> _DESCRIPTION OF THE TASK_
Restate the listing below word for word; no pictures belong in the copy.

> _MATERIAL PROVIDED_

··········

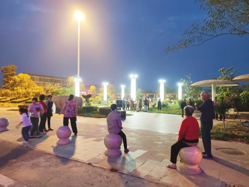 随着夏季的来临,每当人们吃完晚饭,在淮海农场淮海公园内就是别样的风景。这时晚霞余辉西下,夜幕降临,公园内变幻的灯光闪烁,色彩斑斓,让公园内的绿植、设施和灯光融合在一起,非常漂亮。
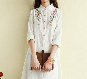 ※白い北欧風ワンピースの写真は Doliss「無地刺繍スタンドネックカジュアルワンピース」
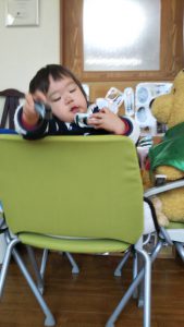 Kくんのいる場所はイスを組み合わせて作った秘密基地ですよ(*´▽`*)

··········

> _ANSWER BOX_
 随着夏季的来临,每当人们吃完晚饭,在淮海农场淮海公园内就是别样的风景。这时晚霞余辉西下,夜幕降临,公园内变幻的灯光闪烁,色彩斑斓,让公园内的绿植、设施和灯光融合在一起,非常漂亮。
 ※白い北欧風ワンピースの写真は Doliss「無地刺繍スタンドネックカジュアルワンピース」
 Kくんのいる場所はイスを組み合わせて作った秘密基地ですよ(*´▽`*)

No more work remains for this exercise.